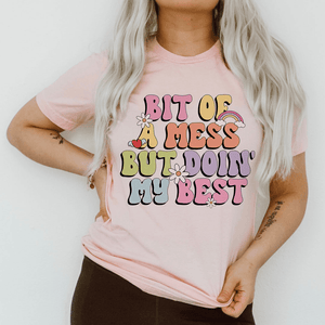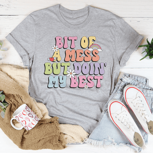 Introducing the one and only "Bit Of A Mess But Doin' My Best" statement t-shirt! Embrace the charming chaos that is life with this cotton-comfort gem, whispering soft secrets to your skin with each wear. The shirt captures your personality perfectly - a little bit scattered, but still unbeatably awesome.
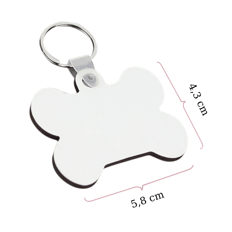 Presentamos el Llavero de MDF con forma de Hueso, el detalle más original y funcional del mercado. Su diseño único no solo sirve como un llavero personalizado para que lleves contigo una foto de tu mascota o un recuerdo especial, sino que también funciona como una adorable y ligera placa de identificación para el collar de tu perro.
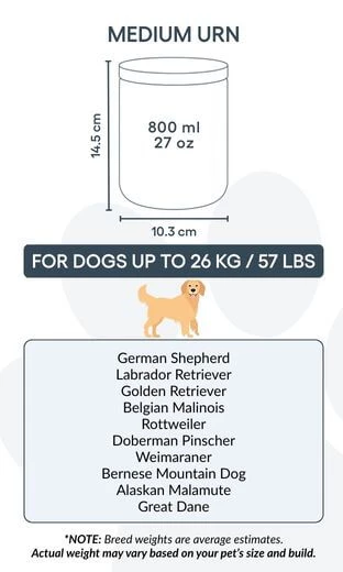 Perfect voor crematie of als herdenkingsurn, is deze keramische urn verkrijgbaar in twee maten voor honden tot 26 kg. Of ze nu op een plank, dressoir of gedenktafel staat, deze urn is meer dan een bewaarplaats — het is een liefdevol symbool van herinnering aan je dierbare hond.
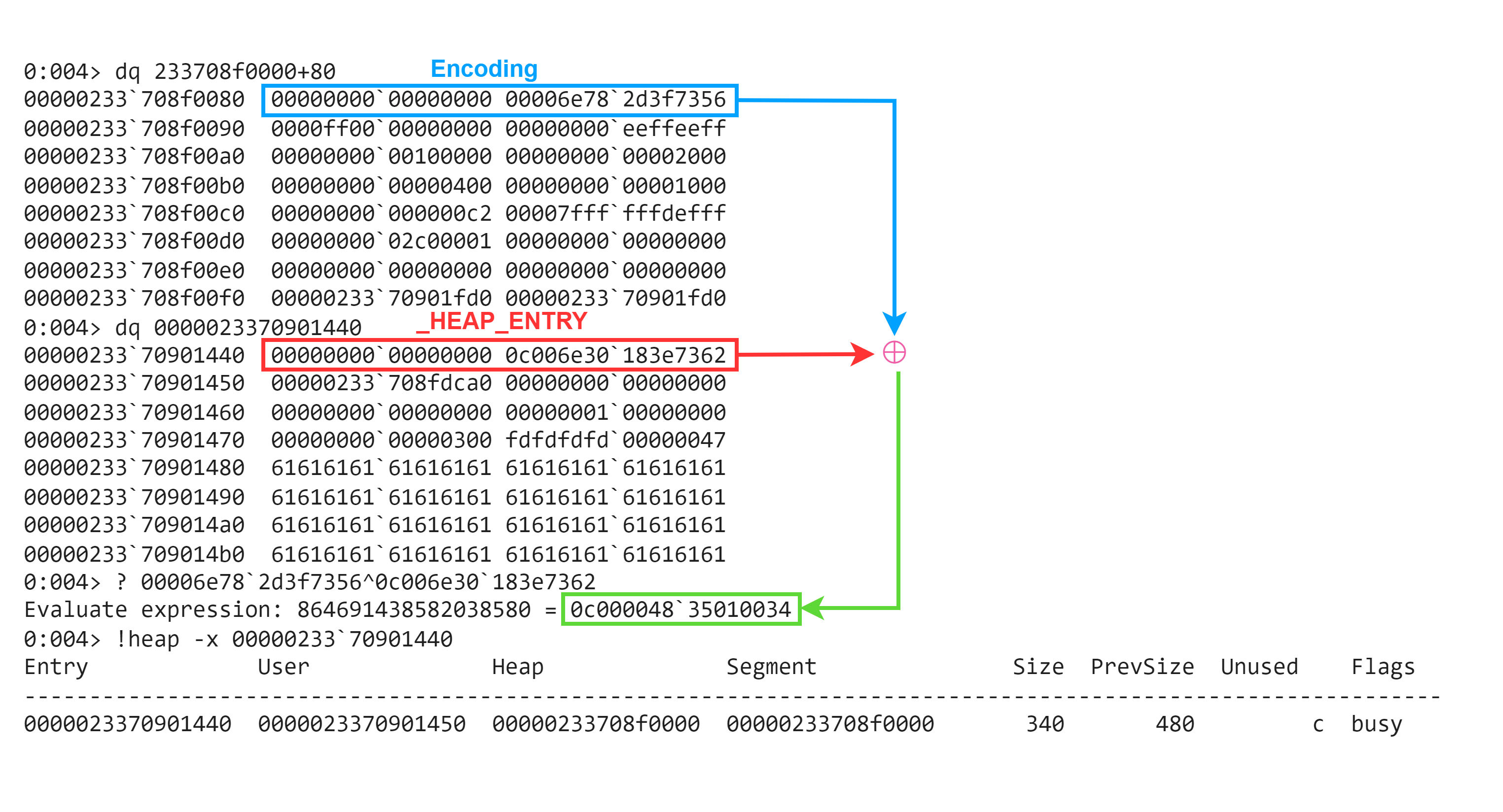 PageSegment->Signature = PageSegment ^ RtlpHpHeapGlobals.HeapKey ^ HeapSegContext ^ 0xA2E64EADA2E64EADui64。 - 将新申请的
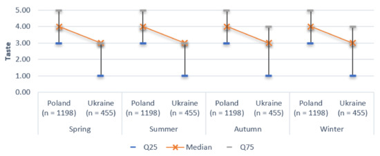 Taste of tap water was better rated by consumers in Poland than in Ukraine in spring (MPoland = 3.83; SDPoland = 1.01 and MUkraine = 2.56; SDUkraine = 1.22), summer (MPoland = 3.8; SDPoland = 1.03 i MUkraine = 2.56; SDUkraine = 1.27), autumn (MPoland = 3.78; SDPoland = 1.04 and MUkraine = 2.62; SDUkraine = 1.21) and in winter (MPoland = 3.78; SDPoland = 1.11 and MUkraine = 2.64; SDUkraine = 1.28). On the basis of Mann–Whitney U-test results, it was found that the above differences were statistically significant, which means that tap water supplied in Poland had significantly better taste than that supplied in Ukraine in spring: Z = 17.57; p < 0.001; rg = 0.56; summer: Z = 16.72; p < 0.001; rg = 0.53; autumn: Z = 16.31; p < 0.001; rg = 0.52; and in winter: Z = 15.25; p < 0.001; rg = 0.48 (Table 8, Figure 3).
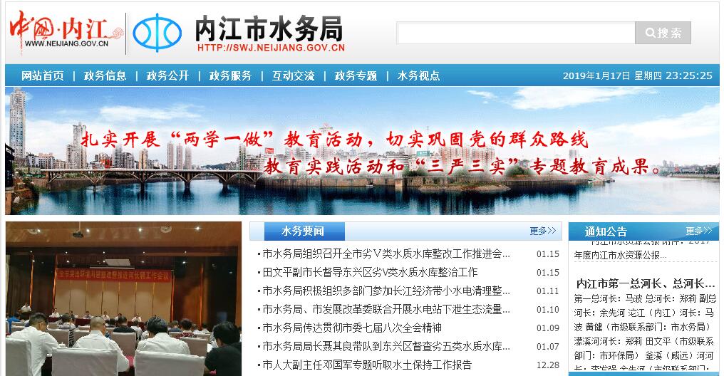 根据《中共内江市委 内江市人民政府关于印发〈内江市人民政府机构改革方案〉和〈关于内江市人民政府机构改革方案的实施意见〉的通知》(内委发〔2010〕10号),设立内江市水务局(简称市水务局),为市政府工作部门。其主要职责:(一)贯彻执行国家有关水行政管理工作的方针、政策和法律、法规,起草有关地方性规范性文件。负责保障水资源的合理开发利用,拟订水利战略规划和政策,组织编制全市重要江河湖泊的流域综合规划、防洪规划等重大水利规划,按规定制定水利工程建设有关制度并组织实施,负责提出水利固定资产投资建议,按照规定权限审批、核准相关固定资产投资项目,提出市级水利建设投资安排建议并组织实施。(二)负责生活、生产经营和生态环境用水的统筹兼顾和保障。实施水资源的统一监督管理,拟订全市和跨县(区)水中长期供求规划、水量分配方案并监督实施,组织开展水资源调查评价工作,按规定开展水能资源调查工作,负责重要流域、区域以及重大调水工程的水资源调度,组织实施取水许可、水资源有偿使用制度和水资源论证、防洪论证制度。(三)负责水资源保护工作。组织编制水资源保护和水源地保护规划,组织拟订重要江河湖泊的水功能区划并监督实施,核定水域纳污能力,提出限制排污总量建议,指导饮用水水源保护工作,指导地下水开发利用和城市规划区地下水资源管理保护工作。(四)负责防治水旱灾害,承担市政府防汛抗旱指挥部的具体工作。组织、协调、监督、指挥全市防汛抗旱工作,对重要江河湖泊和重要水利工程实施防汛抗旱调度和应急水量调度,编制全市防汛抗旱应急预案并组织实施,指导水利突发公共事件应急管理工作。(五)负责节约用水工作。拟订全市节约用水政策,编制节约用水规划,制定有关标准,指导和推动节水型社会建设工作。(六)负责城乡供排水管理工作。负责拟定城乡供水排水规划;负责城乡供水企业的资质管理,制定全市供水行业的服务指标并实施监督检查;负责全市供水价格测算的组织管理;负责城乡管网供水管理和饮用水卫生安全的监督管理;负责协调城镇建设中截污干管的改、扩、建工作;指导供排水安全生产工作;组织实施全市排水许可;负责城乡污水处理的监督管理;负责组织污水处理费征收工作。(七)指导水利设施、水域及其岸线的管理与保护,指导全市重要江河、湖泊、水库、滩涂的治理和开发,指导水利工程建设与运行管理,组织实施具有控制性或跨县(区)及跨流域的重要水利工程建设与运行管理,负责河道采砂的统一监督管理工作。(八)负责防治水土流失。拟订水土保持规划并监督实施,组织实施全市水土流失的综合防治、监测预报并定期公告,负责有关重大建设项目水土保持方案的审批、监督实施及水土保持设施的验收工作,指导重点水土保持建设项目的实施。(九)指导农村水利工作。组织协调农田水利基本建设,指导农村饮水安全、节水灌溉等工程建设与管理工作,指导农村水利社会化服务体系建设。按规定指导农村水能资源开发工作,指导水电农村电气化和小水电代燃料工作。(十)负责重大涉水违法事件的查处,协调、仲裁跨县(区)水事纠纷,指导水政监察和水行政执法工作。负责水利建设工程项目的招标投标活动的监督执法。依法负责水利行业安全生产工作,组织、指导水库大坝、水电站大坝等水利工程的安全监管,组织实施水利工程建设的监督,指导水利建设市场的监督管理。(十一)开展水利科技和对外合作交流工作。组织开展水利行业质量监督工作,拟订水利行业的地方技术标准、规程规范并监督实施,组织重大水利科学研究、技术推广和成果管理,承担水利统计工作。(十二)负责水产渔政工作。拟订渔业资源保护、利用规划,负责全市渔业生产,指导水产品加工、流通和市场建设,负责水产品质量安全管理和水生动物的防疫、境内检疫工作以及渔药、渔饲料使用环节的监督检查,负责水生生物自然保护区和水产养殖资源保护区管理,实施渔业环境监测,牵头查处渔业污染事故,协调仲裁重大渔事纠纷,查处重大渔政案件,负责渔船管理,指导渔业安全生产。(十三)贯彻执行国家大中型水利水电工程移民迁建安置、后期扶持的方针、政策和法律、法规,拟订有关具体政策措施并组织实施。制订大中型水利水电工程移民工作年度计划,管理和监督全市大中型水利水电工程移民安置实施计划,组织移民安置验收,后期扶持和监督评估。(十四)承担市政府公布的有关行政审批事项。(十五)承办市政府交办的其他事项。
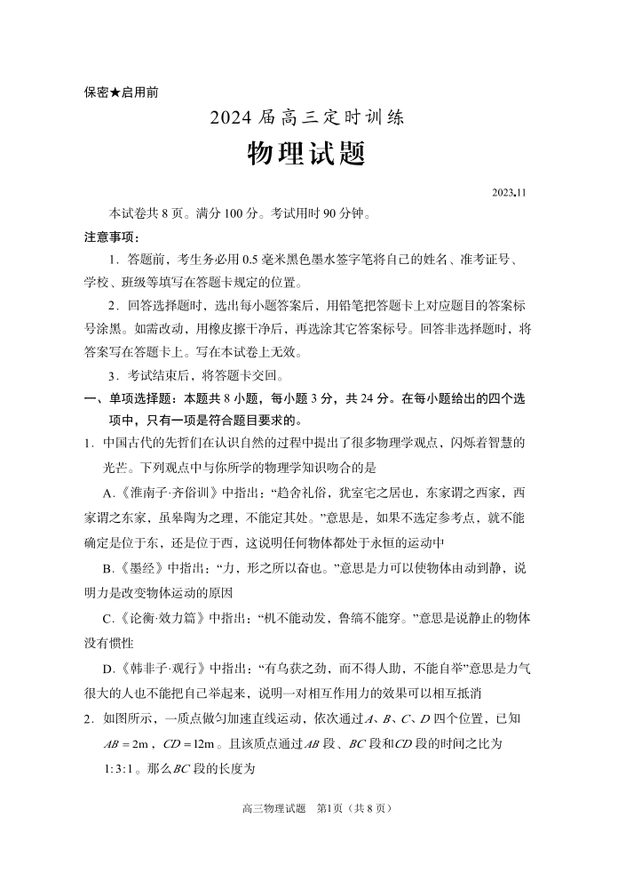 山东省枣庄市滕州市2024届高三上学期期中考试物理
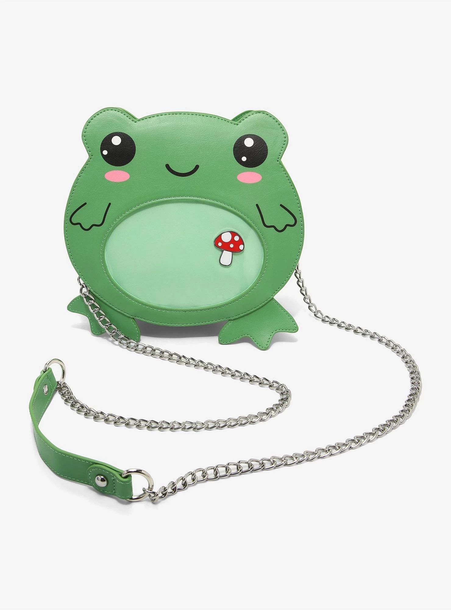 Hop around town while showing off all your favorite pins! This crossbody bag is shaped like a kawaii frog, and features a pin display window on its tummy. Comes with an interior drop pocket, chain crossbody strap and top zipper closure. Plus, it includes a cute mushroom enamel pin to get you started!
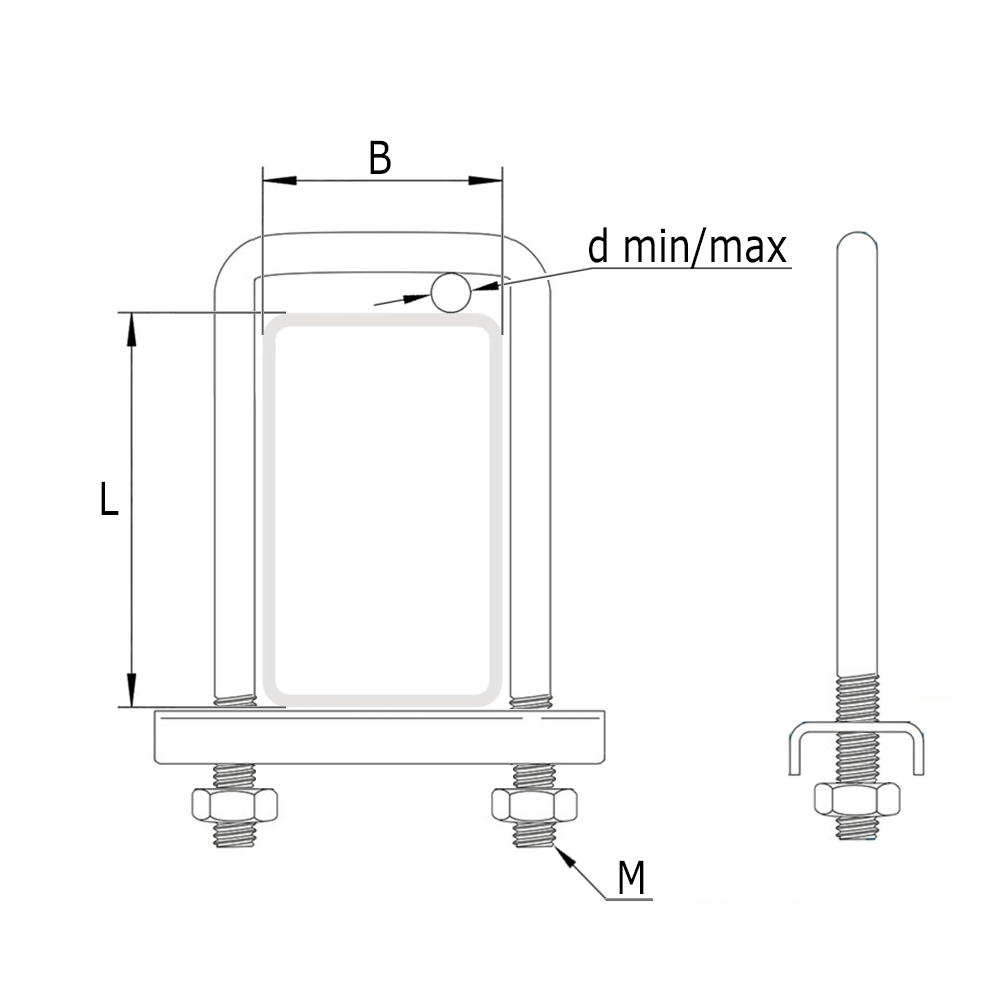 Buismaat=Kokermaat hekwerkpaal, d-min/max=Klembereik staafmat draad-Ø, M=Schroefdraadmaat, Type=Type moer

> **What to do**: Set down all the entries exactly as they appear, but skip any pictures.

> **Task answer**:
 Introducing the one and only "Bit Of A Mess But Doin' My Best" statement t-shirt! Embrace the charming chaos that is life with this cotton-comfort gem, whispering soft secrets to your skin with each wear. The shirt captures your personality perfectly - a little bit scattered, but still unbeatably awesome.
 Presentamos el Llavero de MDF con forma de Hueso, el detalle más original y funcional del mercado. Su diseño único no solo sirve como un llavero personalizado para que lleves contigo una foto de tu mascota o un recuerdo especial, sino que también funciona como una adorable y ligera placa de identificación para el collar de tu perro.
 Perfect voor crematie of als herdenkingsurn, is deze keramische urn verkrijgbaar in twee maten voor honden tot 26 kg. Of ze nu op een plank, dressoir of gedenktafel staat, deze urn is meer dan een bewaarplaats — het is een liefdevol symbool van herinnering aan je dierbare hond.
 PageSegment->Signature = PageSegment ^ RtlpHpHeapGlobals.HeapKey ^ HeapSegContext ^ 0xA2E64EADA2E64EADui64。 - 将新申请的
 Taste of tap water was better rated by consumers in Poland than in Ukraine in spring (MPoland = 3.83; SDPoland = 1.01 and MUkraine = 2.56; SDUkraine = 1.22), summer (MPoland = 3.8; SDPoland = 1.03 i MUkraine = 2.56; SDUkraine = 1.27), autumn (MPoland = 3.78; SDPoland = 1.04 and MUkraine = 2.62; SDUkraine = 1.21) and in winter (MPoland = 3.78; SDPoland = 1.11 and MUkraine = 2.64; SDUkraine = 1.28). On the basis of Mann–Whitney U-test results, it was found that the above differences were statistically significant, which means that tap water supplied in Poland had significantly better taste than that supplied in Ukraine in spring: Z = 17.57; p < 0.001; rg = 0.56; summer: Z = 16.72; p < 0.001; rg = 0.53; autumn: Z = 16.31; p < 0.001; rg = 0.52; and in winter: Z = 15.25; p < 0.001; rg = 0.48 (Table 8, Figure 3).
 根据《中共内江市委 内江市人民政府关于印发〈内江市人民政府机构改革方案〉和〈关于内江市人民政府机构改革方案的实施意见〉的通知》(内委发〔2010〕10号),设立内江市水务局(简称市水务局),为市政府工作部门。其主要职责:(一)贯彻执行国家有关水行政管理工作的方针、政策和法律、法规,起草有关地方性规范性文件。负责保障水资源的合理开发利用,拟订水利战略规划和政策,组织编制全市重要江河湖泊的流域综合规划、防洪规划等重大水利规划,按规定制定水利工程建设有关制度并组织实施,负责提出水利固定资产投资建议,按照规定权限审批、核准相关固定资产投资项目,提出市级水利建设投资安排建议并组织实施。(二)负责生活、生产经营和生态环境用水的统筹兼顾和保障。实施水资源的统一监督管理,拟订全市和跨县(区)水中长期供求规划、水量分配方案并监督实施,组织开展水资源调查评价工作,按规定开展水能资源调查工作,负责重要流域、区域以及重大调水工程的水资源调度,组织实施取水许可、水资源有偿使用制度和水资源论证、防洪论证制度。(三)负责水资源保护工作。组织编制水资源保护和水源地保护规划,组织拟订重要江河湖泊的水功能区划并监督实施,核定水域纳污能力,提出限制排污总量建议,指导饮用水水源保护工作,指导地下水开发利用和城市规划区地下水资源管理保护工作。(四)负责防治水旱灾害,承担市政府防汛抗旱指挥部的具体工作。组织、协调、监督、指挥全市防汛抗旱工作,对重要江河湖泊和重要水利工程实施防汛抗旱调度和应急水量调度,编制全市防汛抗旱应急预案并组织实施,指导水利突发公共事件应急管理工作。(五)负责节约用水工作。拟订全市节约用水政策,编制节约用水规划,制定有关标准,指导和推动节水型社会建设工作。(六)负责城乡供排水管理工作。负责拟定城乡供水排水规划;负责城乡供水企业的资质管理,制定全市供水行业的服务指标并实施监督检查;负责全市供水价格测算的组织管理;负责城乡管网供水管理和饮用水卫生安全的监督管理;负责协调城镇建设中截污干管的改、扩、建工作;指导供排水安全生产工作;组织实施全市排水许可;负责城乡污水处理的监督管理;负责组织污水处理费征收工作。(七)指导水利设施、水域及其岸线的管理与保护,指导全市重要江河、湖泊、水库、滩涂的治理和开发,指导水利工程建设与运行管理,组织实施具有控制性或跨县(区)及跨流域的重要水利工程建设与运行管理,负责河道采砂的统一监督管理工作。(八)负责防治水土流失。拟订水土保持规划并监督实施,组织实施全市水土流失的综合防治、监测预报并定期公告,负责有关重大建设项目水土保持方案的审批、监督实施及水土保持设施的验收工作,指导重点水土保持建设项目的实施。(九)指导农村水利工作。组织协调农田水利基本建设,指导农村饮水安全、节水灌溉等工程建设与管理工作,指导农村水利社会化服务体系建设。按规定指导农村水能资源开发工作,指导水电农村电气化和小水电代燃料工作。(十)负责重大涉水违法事件的查处,协调、仲裁跨县(区)水事纠纷,指导水政监察和水行政执法工作。负责水利建设工程项目的招标投标活动的监督执法。依法负责水利行业安全生产工作,组织、指导水库大坝、水电站大坝等水利工程的安全监管,组织实施水利工程建设的监督,指导水利建设市场的监督管理。(十一)开展水利科技和对外合作交流工作。组织开展水利行业质量监督工作,拟订水利行业的地方技术标准、规程规范并监督实施,组织重大水利科学研究、技术推广和成果管理,承担水利统计工作。(十二)负责水产渔政工作。拟订渔业资源保护、利用规划,负责全市渔业生产,指导水产品加工、流通和市场建设,负责水产品质量安全管理和水生动物的防疫、境内检疫工作以及渔药、渔饲料使用环节的监督检查,负责水生生物自然保护区和水产养殖资源保护区管理,实施渔业环境监测,牵头查处渔业污染事故,协调仲裁重大渔事纠纷,查处重大渔政案件,负责渔船管理,指导渔业安全生产。(十三)贯彻执行国家大中型水利水电工程移民迁建安置、后期扶持的方针、政策和法律、法规,拟订有关具体政策措施并组织实施。制订大中型水利水电工程移民工作年度计划,管理和监督全市大中型水利水电工程移民安置实施计划,组织移民安置验收,后期扶持和监督评估。(十四)承担市政府公布的有关行政审批事项。(十五)承办市政府交办的其他事项。
 山东省枣庄市滕州市2024届高三上学期期中考试物理
 Hop around town while showing off all your favorite pins! This crossbody bag is shaped like a kawaii frog, and features a pin display window on its tummy. Comes with an interior drop pocket, chain crossbody strap and top zipper closure. Plus, it includes a cute mushroom enamel pin to get you started!
 Buismaat=Kokermaat hekwerkpaal, d-min/max=Klembereik staafmat draad-Ø, M=Schroefdraadmaat, Type=Type moer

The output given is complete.